::: ENTRIES SUPPLIED

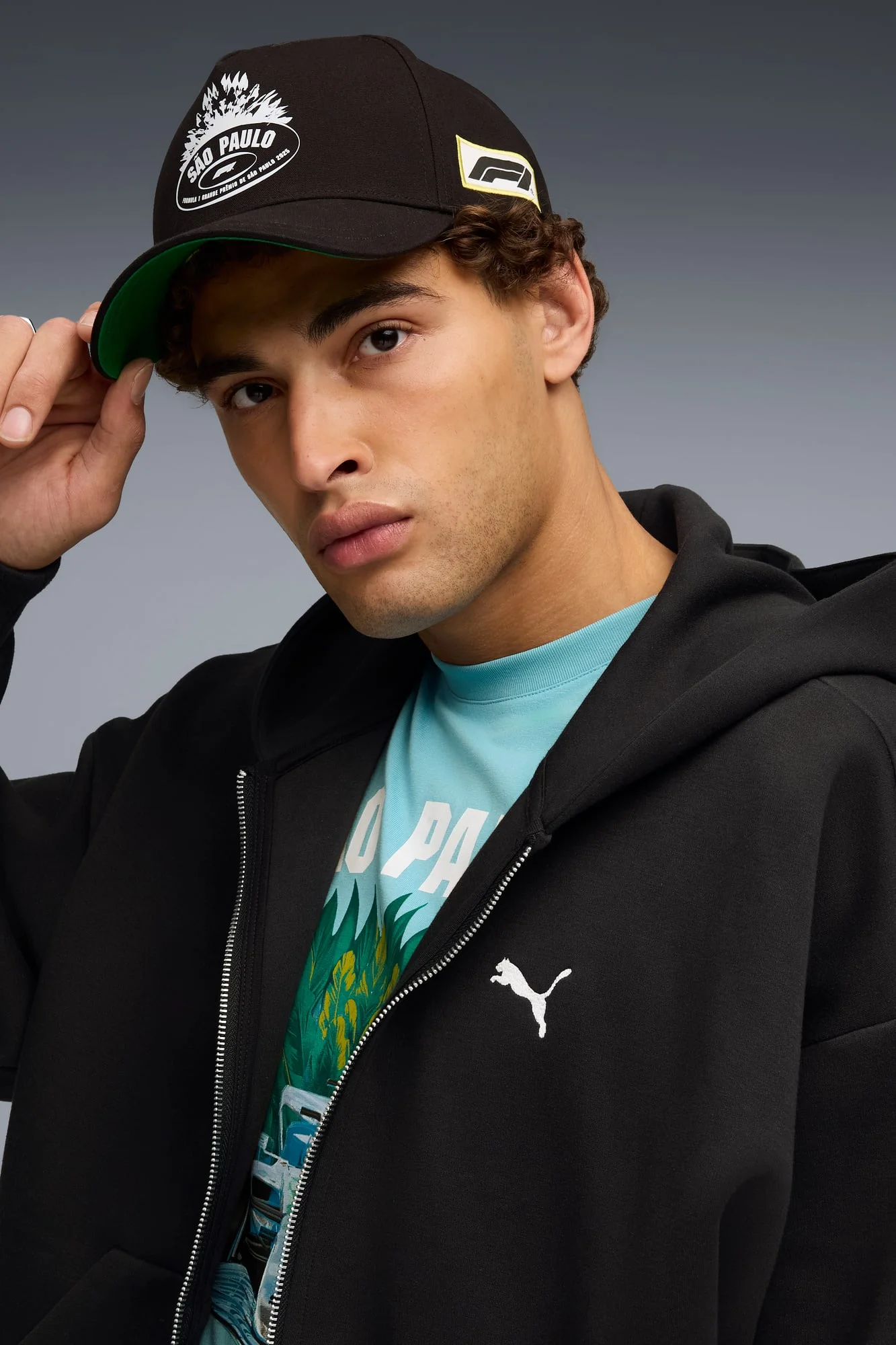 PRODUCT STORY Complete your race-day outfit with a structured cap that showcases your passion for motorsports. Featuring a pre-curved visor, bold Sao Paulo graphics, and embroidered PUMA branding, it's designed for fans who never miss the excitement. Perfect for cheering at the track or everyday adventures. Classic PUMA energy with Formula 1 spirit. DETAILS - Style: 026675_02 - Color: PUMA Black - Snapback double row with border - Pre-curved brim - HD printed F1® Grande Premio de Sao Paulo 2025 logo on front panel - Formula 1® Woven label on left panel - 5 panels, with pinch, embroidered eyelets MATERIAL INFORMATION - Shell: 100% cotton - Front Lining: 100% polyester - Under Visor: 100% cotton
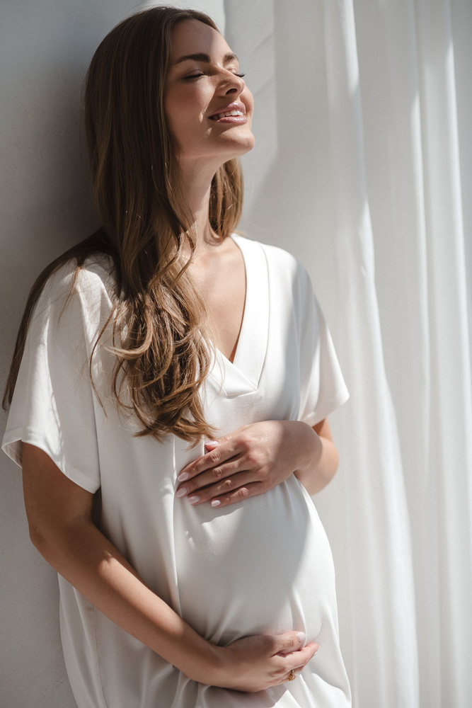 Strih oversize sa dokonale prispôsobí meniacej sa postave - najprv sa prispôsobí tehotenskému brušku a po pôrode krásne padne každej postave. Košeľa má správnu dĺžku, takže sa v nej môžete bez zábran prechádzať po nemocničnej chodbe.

::::::
::: ENTRIES SUPPLIED

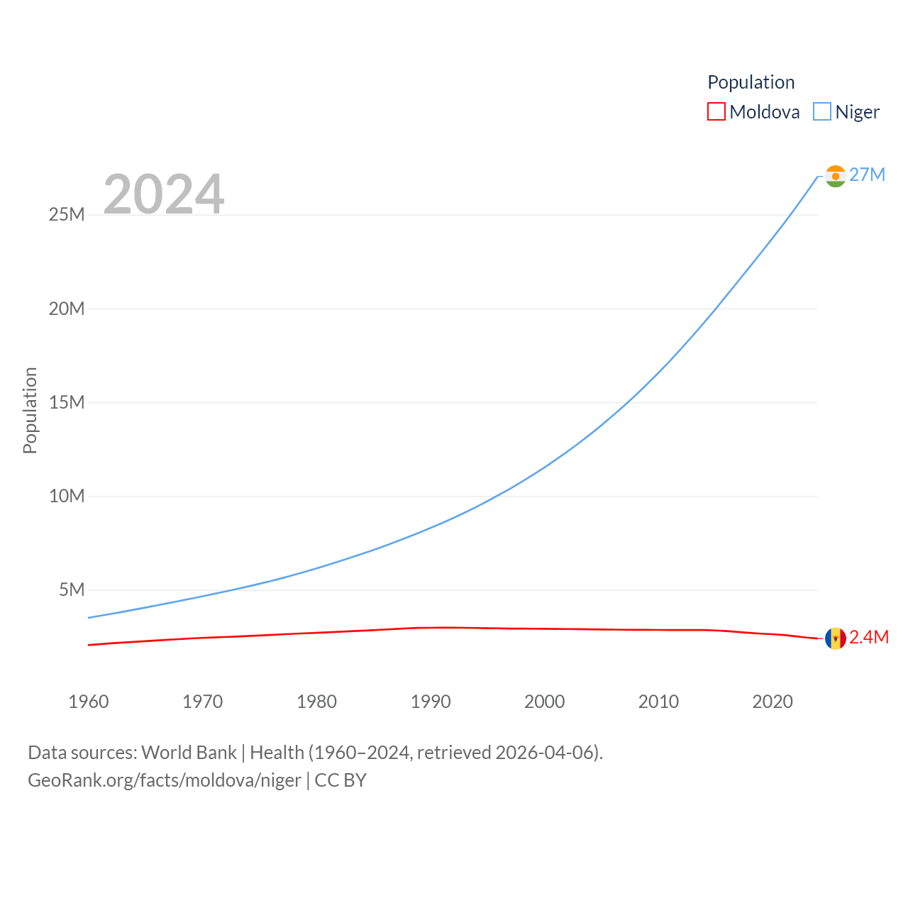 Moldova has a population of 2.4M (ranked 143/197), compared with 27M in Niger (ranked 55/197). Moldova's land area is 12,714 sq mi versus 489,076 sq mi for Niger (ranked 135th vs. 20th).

::::::

### EXERCISE INSTRUCTIONS:
In the records above, find the line with "PRODUCT STORY Complete" and the line with "Strih oversize sa", then restate word for word only those two lines and all lines between, omitting pictures.

### WRITTEN ANSWER:
 PRODUCT STORY Complete your race-day outfit with a structured cap that showcases your passion for motorsports. Featuring a pre-curved visor, bold Sao Paulo graphics, and embroidered PUMA branding, it's designed for fans who never miss the excitement. Perfect for cheering at the track or everyday adventures. Classic PUMA energy with Formula 1 spirit. DETAILS - Style: 026675_02 - Color: PUMA Black - Snapback double row with border - Pre-curved brim - HD printed F1® Grande Premio de Sao Paulo 2025 logo on front panel - Formula 1® Woven label on left panel - 5 panels, with pinch, embroidered eyelets MATERIAL INFORMATION - Shell: 100% cotton - Front Lining: 100% polyester - Under Visor: 100% cotton
 Strih oversize sa dokonale prispôsobí meniacej sa postave - najprv sa prispôsobí tehotenskému brušku a po pôrode krásne padne každej postave. Košeľa má správnu dĺžku, takže sa v nej môžete bez zábran prechádzať po nemocničnej chodbe.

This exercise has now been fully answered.